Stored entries
* * * * * * *
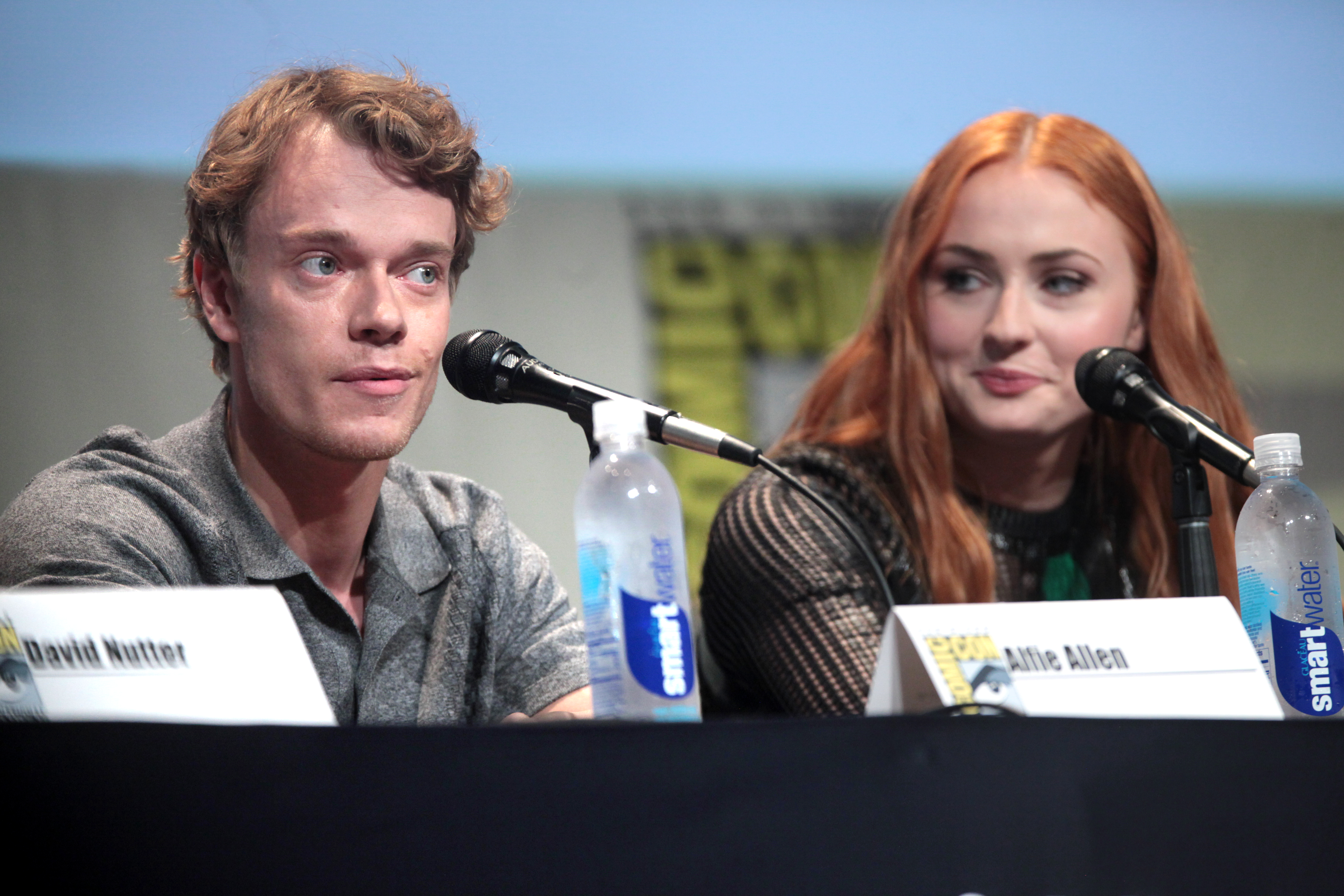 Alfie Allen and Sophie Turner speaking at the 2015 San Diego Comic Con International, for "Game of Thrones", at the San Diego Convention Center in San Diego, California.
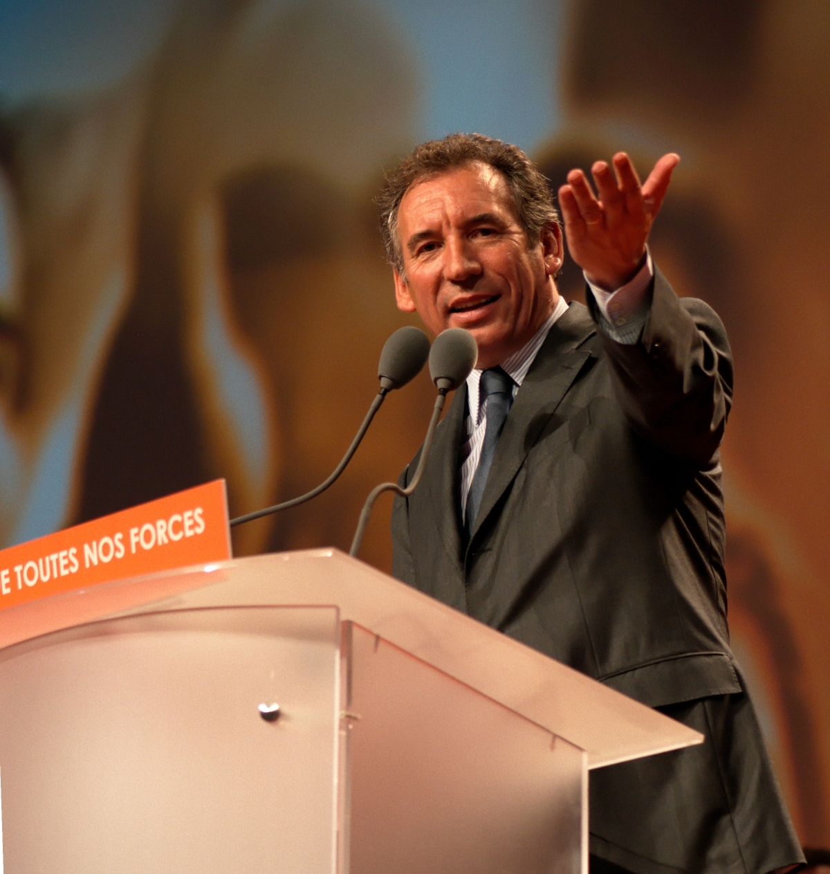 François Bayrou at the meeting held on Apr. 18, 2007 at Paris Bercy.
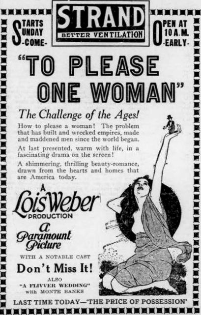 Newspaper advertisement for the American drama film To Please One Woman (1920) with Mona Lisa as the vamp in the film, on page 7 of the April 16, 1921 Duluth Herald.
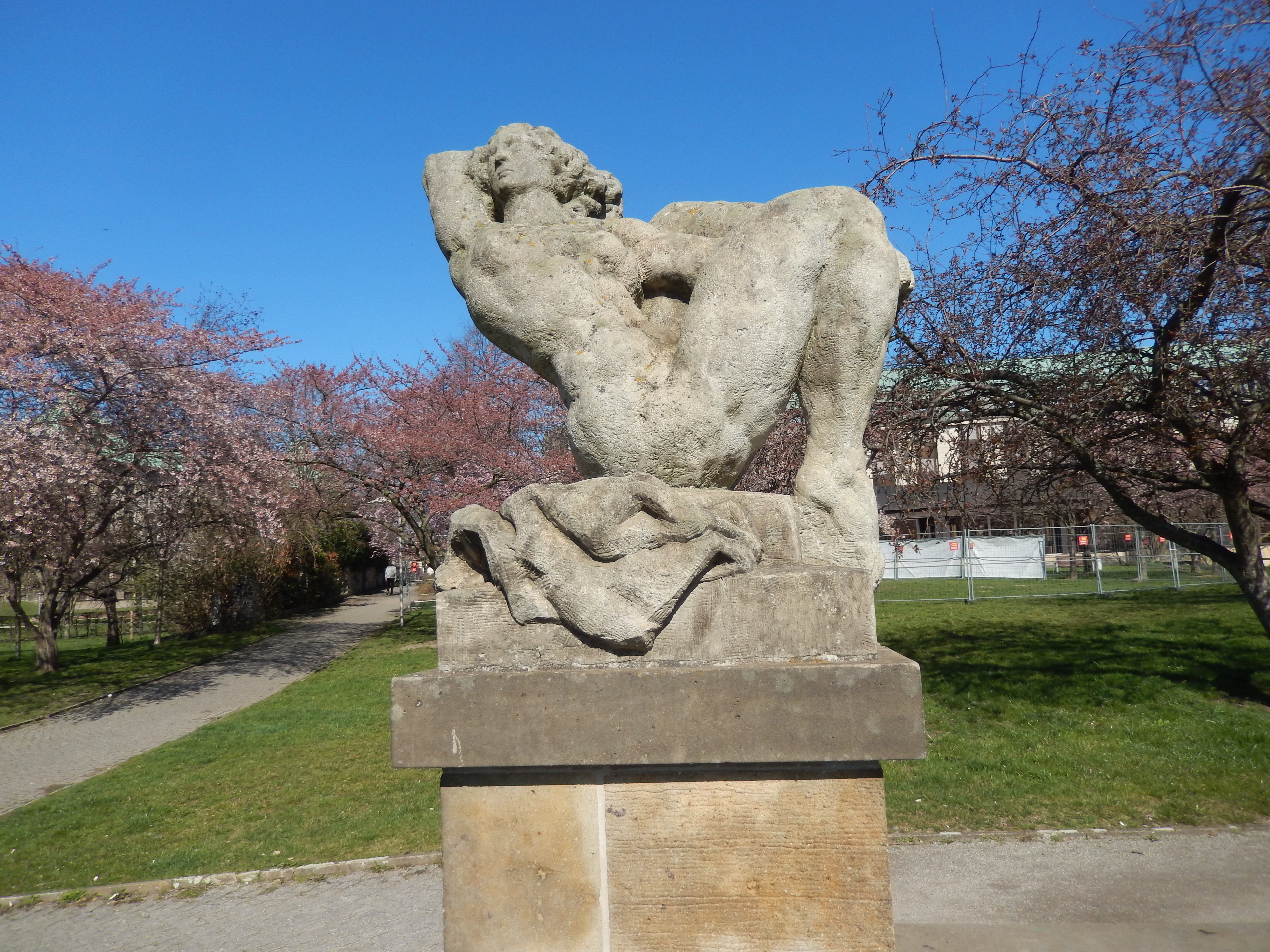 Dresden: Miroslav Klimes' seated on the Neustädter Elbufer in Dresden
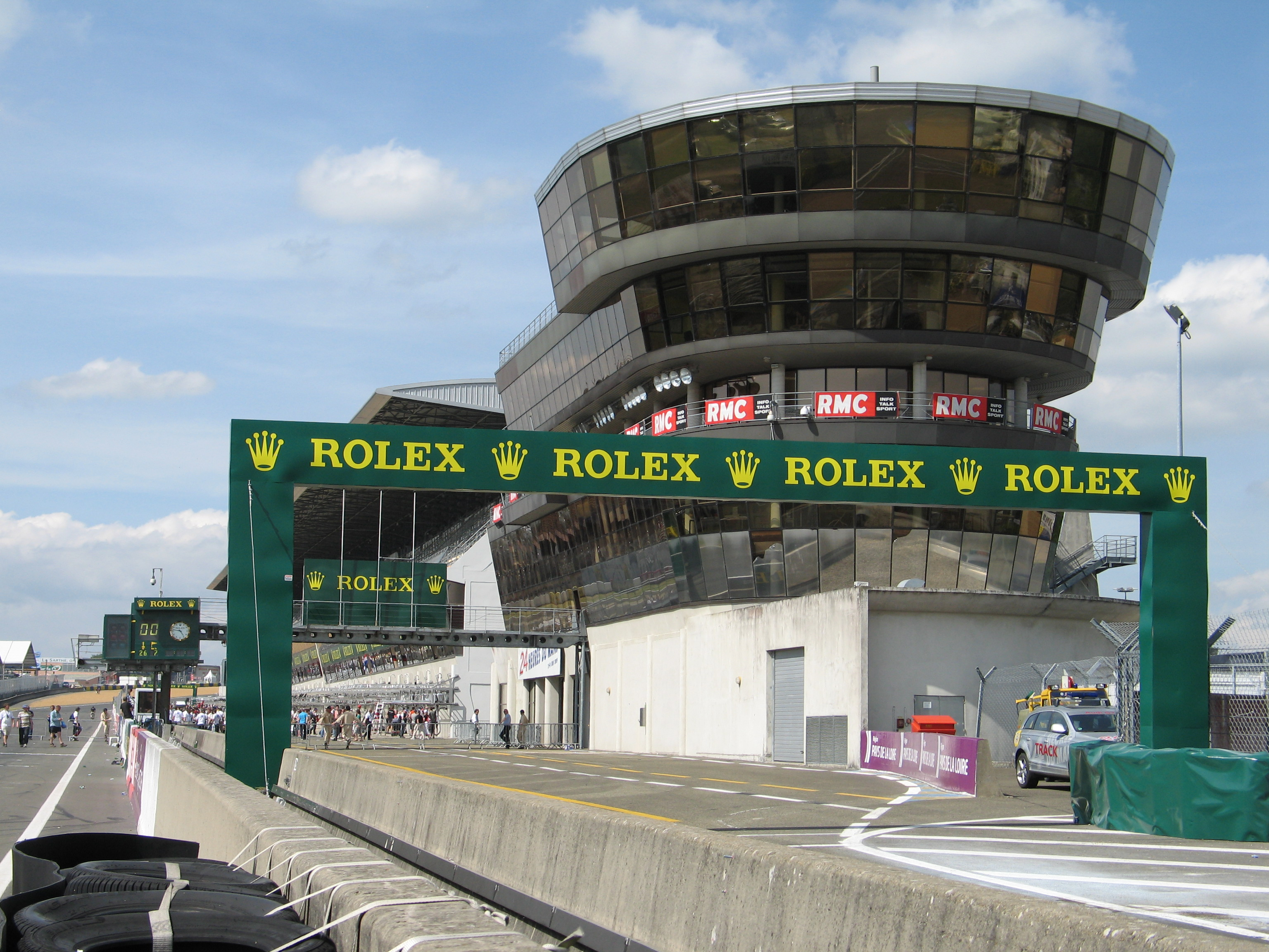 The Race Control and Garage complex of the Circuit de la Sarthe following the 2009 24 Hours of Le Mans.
* * * * * * *
Your goal: Give the lines again exactly, beginning with the first line of the records above and ending with the line that contains "Newspaper advertisement for", and include no pictures.

Exercise solution:
 Alfie Allen and Sophie Turner speaking at the 2015 San Diego Comic Con International, for "Game of Thrones", at the San Diego Convention Center in San Diego, California.
 François Bayrou at the meeting held on Apr. 18, 2007 at Paris Bercy.
 Newspaper advertisement for the American drama film To Please One Woman (1920) with Mona Lisa as the vamp in the film, on page 7 of the April 16, 1921 Duluth Herald.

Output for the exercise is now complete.